E-commerce has been a lifeline for many Canadian companies during the COVID-19 crisis. But even before the upheaval began, the global trend toward online shopping and selling had been accelerating.
The pandemic has fuelled that growth even more. In May, according to a Statistics Canada analysis on retail e-commerce and COVID-19, domestic e-commerce sales hit a record $3.9 billion, representing a 2.3% increase over April and a 99.3% increase over February—as well as more than double the sales of May 2019. Many companies that were debating whether to set up an e-commerce platform, or upgrade an existing one, have now decided to act.
Types of platform
First, let’s look at the main types of e-commerce platforms now in widespread use. In brief, they are:
- Online marketplaces
You’ve likely heard of e-commerce marketplace environments such as eBay and Amazon. Others include Otto.de in Germany, Flipkart in India or Tmall in China. Some of these platforms are specialized for niche markets—Etsy, for example, is designed for arts and crafts vendors that want to sell both locally and across borders. Although these sites are popular, however, successfully selling on them can be a major undertaking. Be sure to choose one that provides good international sales support, such as payment mechanisms for different currencies.
- Online template-based storefronts
The vendors of these platforms provide you with pre-defined templates, add-ons and extensions that you can use to build a very capable e-commerce operation. Pricing varies according to the components you include, such as third-party payment gateways, foreign order handling, reporting capabilities, sales analytics and add-ons or extensions, etc.
These platforms can be a cost-effective way for many medium, small and micro enterprises to set up an international e-commerce platform.

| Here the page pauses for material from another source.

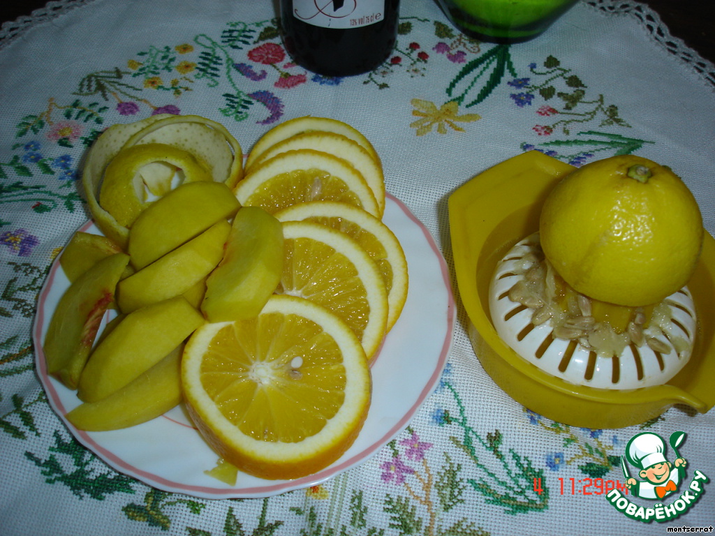 Персик очищаем, апельсин нарезаем с цедрой, с лимона срезаем цедру и выжимаем сок

Shopify is a Canadian example of this kind of storefront vendor.
- Custom-built e-commerce platforms
If you need a platform that is beyond the capabilities of the storefront approach, you can hire a developer who specializes in custom-built e-commerce solutions. The company will work with you to fit the platform to your specific needs. This is the most expensive solution, but it can give your e-commerce operations exactly the look, feel and flexibility you want.
At the top end of this range, you’ll find the very costly enterprise-level platforms used by big e-commerce vendors. If you don’t expect to be doing huge volumes of business in multiple overseas markets, you don’t likely need the sophistication of such a platform.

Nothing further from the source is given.